Как бы то ни было, но не мимолетная связь и не пошлый роман — его четвертое желание, и не легкий флирт, оставляющий привкус похмелья. Ему ясно как день, чего бы он не хотел. А в чем заключается его мечта? В чем ее суть, зерно? Может быть, у нее вообще нет ясных очертаний, или он всерьез над этим не думал и еще колеблется между традиционным представлением о плохом и хорошем, жгучей неудовлетворенностью и беспокойством? И нужна ли ему именно Ритма, только она — как совокупность физических и духовных качеств, как неповторимая личность, или с такой же силой его могла бы увлечь и пленить другая женщина, в той же мере противоположная Авроре, как Ритма? Пожалуй, так, но в данный момент это Ритма, а все остальное — теоретизирование на пустом месте, гадание на кофейной гуще: только она или не только, могла бы или не могла… Сейчас это она, определенно она — Ритма, и его охватывает столь же определенное желание увидеть именно ее, и только ее, и нет ничего проще, чем это желание исполнить: что может быть естественней и понятней, чем завернуть по пути в магазин. Если только у Ритмы не выходной…
Нет, у Ритмы не выходной. Она в продуктовом отделе, но не у прилавка, а складывает на съемные полки черный хлеб и белые булки. Она стоит спиной, но Аскольд сразу узнает ее сдобную фигуру, которую белый халат, стянутый в талии узким ремешком, делает еще плотнее, подчеркивая крутую линию бедер. Белая наколка еле схватывает и удерживает копну темных кудрявых волос. И, прежде чем пройти в промтоварный отдел, Аскольд невольно замедляет шаг, на миг останавливаясь и, точно в рамку, заключая в круг зрения пышные Ритмины формы.
И она оглядывается — держа в каждой руке по белому батону, она оборачивается и улыбается, сразу расцветая, словно тотчас почувствовала его взгляд и — даже больше — знала наверное, что он придет, и втайне все время его ждала. Аскольд здоровается издали, она слегка кивает в ответ, снова отворачивается и привычными движениями продолжает складывать хлеб, больше не оглядываясь. А он стоит, мешкает, будто ожидая еще чего-то, что должно последовать, произойти, не представляя себе конкретно, что может произойти и чего он хочет дождаться.

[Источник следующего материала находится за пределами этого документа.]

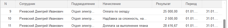 Ржевский Д.И. оплата по окладу и надбавка за сложность задана при приеме на работу, доплата за выполнение плана сформирована, т.к. ведено значение определяющего ее показателя документом «Данные для расчета зарплаты». График – Пятидневка.

Потом он заглядывает в промтовары. Теплых ботинок, как водится, нет. И вообще из обуви сорок пятого, его размера есть лишь какие-то черные не черные, серые не серые ужасные чеботы и мужские не мужские, женские не женские импортные сандалии с пряжками, которые на лето, может, и подойдут какому-нибудь бородачу, провинциальному франту, но в которых не может выйти учитель, тем более здесь в Мургале, без того чтобы ребята не пялили на него глаза, а их мамаши и бабки не слопали его без соли.